Manejo comunitário como fator de conservação
O diagnóstico também identifica um dado muito importante. O manejo ajuda também na consecução de outros objetivos das unidades de conservação, como a conservação da biodiversidade.

“A atividade do manejo e a presença dos comunitários inibe a presença de infratores pois eles mesmos atuam na vigilância dos lagos e também estreita as relações com o gestor das unidades, visto que eles denunciam quem está indo lá para praticar ilícitos ambientais”, destaca João da Mata. Em todas as áreas pesquisadas há a presença de vigilância comunitária, envolvendo 1725 pessoas. Atualmente há sete unidades de conservação federais beneficiadas pelo Projeto: são as Reservas Extrativistas de Médio Juruá; Auati-Paraná; Rio Jutaí; Baixo-Juruá; Médio Purus, Ituxi e Unini.

Além disso, a proteção dos lagos de manejo também contribui para a proteção de outras espécies, como outros peixes de alto valor comercial (Ex: tambaqui), jacarés e quelônios

pira Leonardo PachecoA cadeia do pirarucu
O pirarucu tem uma das carnes mais apreciadas do país, especialmente no Norte do país, onde é parte de uma gama de pratos típicos combinados a outros produtos amazônicos, como castanha e o tucupi.

O manejo comunitário é uma prática de uso sustentável que traz ótimos resultados para a população local que necessita desse peixe para sobrevivência. Primeiramente, é realizado um zoneamento dos lagos que leva em consideração o ciclo hidrológico e o impacto antrópico nestes cursos d’água. A seguir, são classificados em até três grupos: os lagos intangíveis são zonas onde não é permitido nenhuma atividade humana já que são destinados à reprodução e à manutenção de população viável; os lagos de consumo familiar e os lagos para manejo comercial propriamente ditos.

Nos lagos destinados ao manejo, os comunitários aplicam a metodologia ISC (desenvolvida pelo Instituto Mamirauá) que consiste num inventário do pirarucu contando os indivíduos quando eles sobem à superfície para respirar.

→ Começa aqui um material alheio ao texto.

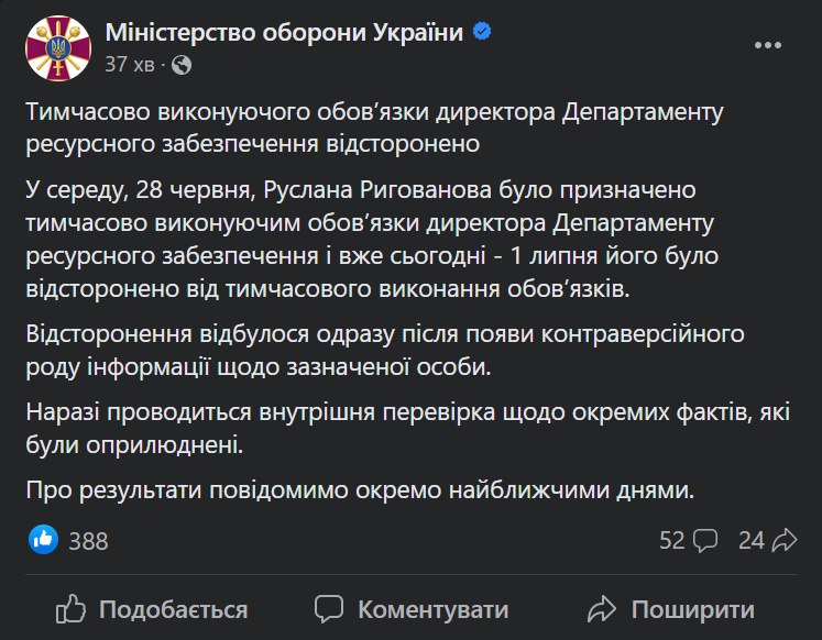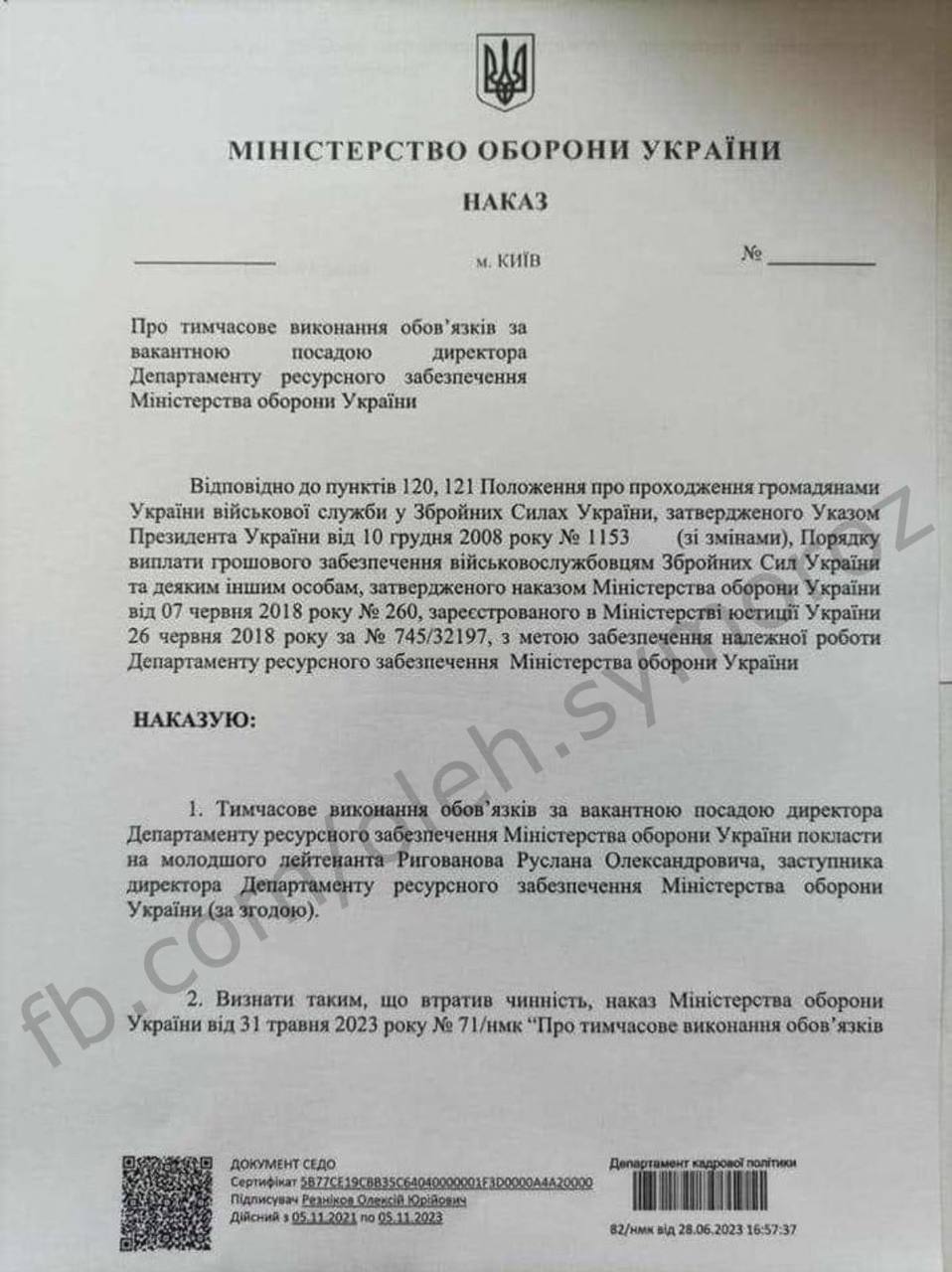 Он сообщил, что Рыгованов возглавил Департамент ресурсного обеспечения Минобороны Украины, показав соответствующий приказ министра обороны Алексея Резникова.

O IBAMA é responsável por emitir as autorizações de manejo baseado no inventário apresentado e determina as cotas (até 30% do inventário) e onde os comunitários podem pescar.

Os manejadores vendem a produção para agentes intermediários “atravessadores”, comumente na forma de “charutos” (peixe vendido inteiro eviscerado e resfriado), sem beneficiamento. O pirarucu é comercializado em feiras livres ou vendido então para beneficiadores que convertem o peixe em diferentes cortes, que abastecem o mercado conforme suas exigências, seja o interno (estados vizinhos, do Sudeste e Sul do Brasil), até o externo em países como Alemanha, Estados Unidos, México, Itália, Chile e Japão.